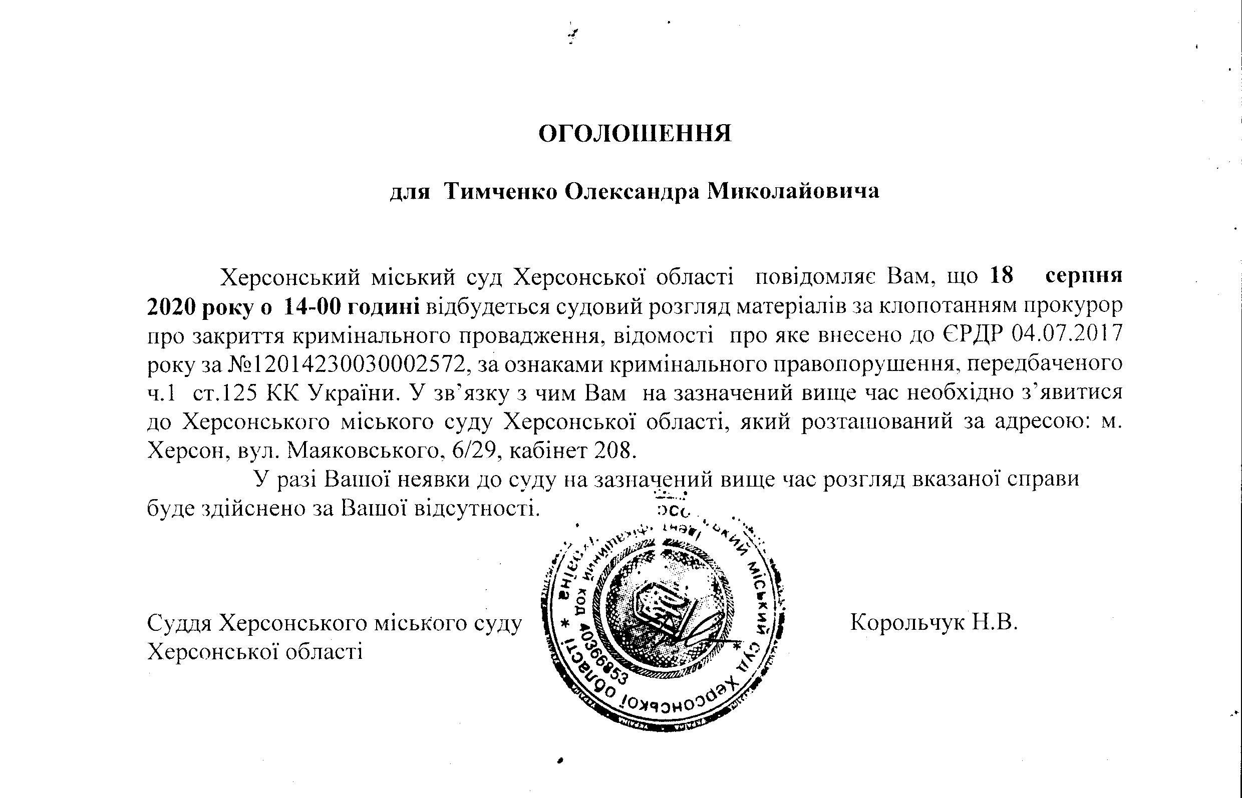 ОГОЛОШЕННЯ для Тимченко Олександра Миколайовича
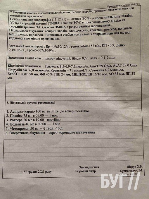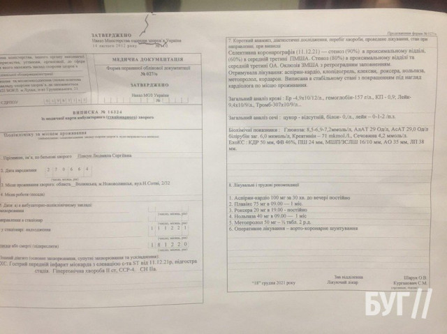 Операцію призначили на 20 січня, адже Людмила була дуже ослабленою та потребувала реабілітації, пише БУГ.
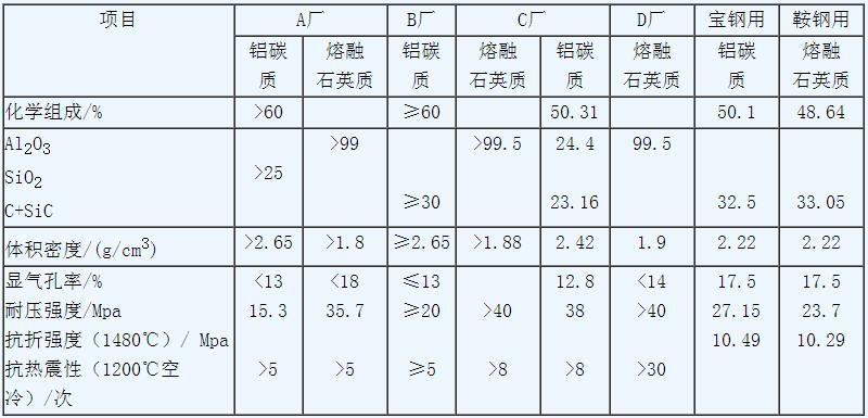 美國1989年開發了鋯英石-氧化鋯質和氧化鋁-氧化鋯質復合水口,使用壽命分別達到21次和16次,1991年日本新日鐵公司以Al2O3-SiC-C質澆注料為基礎,加入人造石墨和碳纖維,生產出用不定形料制作的長水口,均取得良好的使用效果。長水口用耐火材料見表1.
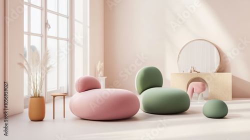 Stylish, modern furniture in soft pastel colors, enhancing a bright and airy interior space with decorative accessories.
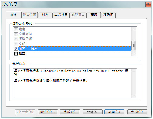 选中“填充 + 保压”作为分析序列,然后单击“下一步”。
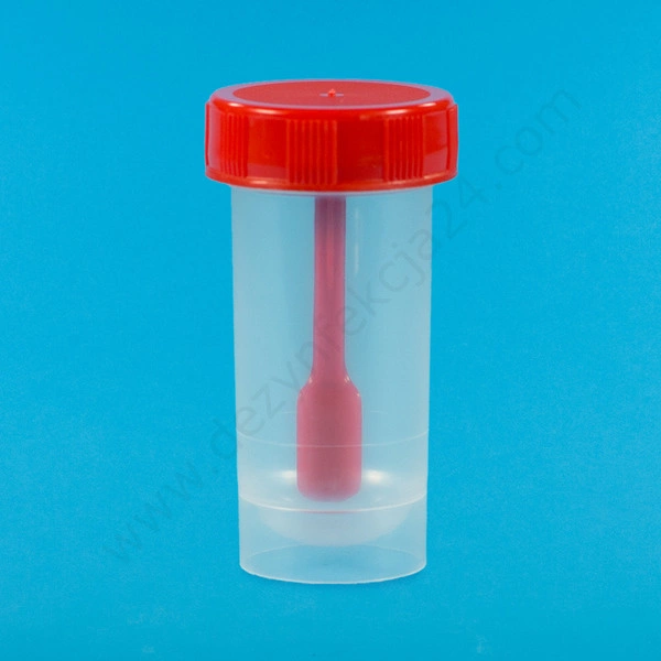 Pojemnik do kału z łopatką , czerwona nakr. (100 szt.) - SANMED

====

*ACTIVITY*. Write out exactly the lines of the material above, starting with the first and finishing with the line that contains "美國1989年開發了鋯英石-氧化鋯質和氧", without pictures.

*WORKED SOLUTION*.
 ОГОЛОШЕННЯ для Тимченко Олександра Миколайовича
 Операцію призначили на 20 січня, адже Людмила була дуже ослабленою та потребувала реабілітації, пише БУГ.
 美國1989年開發了鋯英石-氧化鋯質和氧化鋁-氧化鋯質復合水口,使用壽命分別達到21次和16次,1991年日本新日鐵公司以Al2O3-SiC-C質澆注料為基礎,加入人造石墨和碳纖維,生產出用不定形料制作的長水口,均取得良好的使用效果。長水口用耐火材料見表1.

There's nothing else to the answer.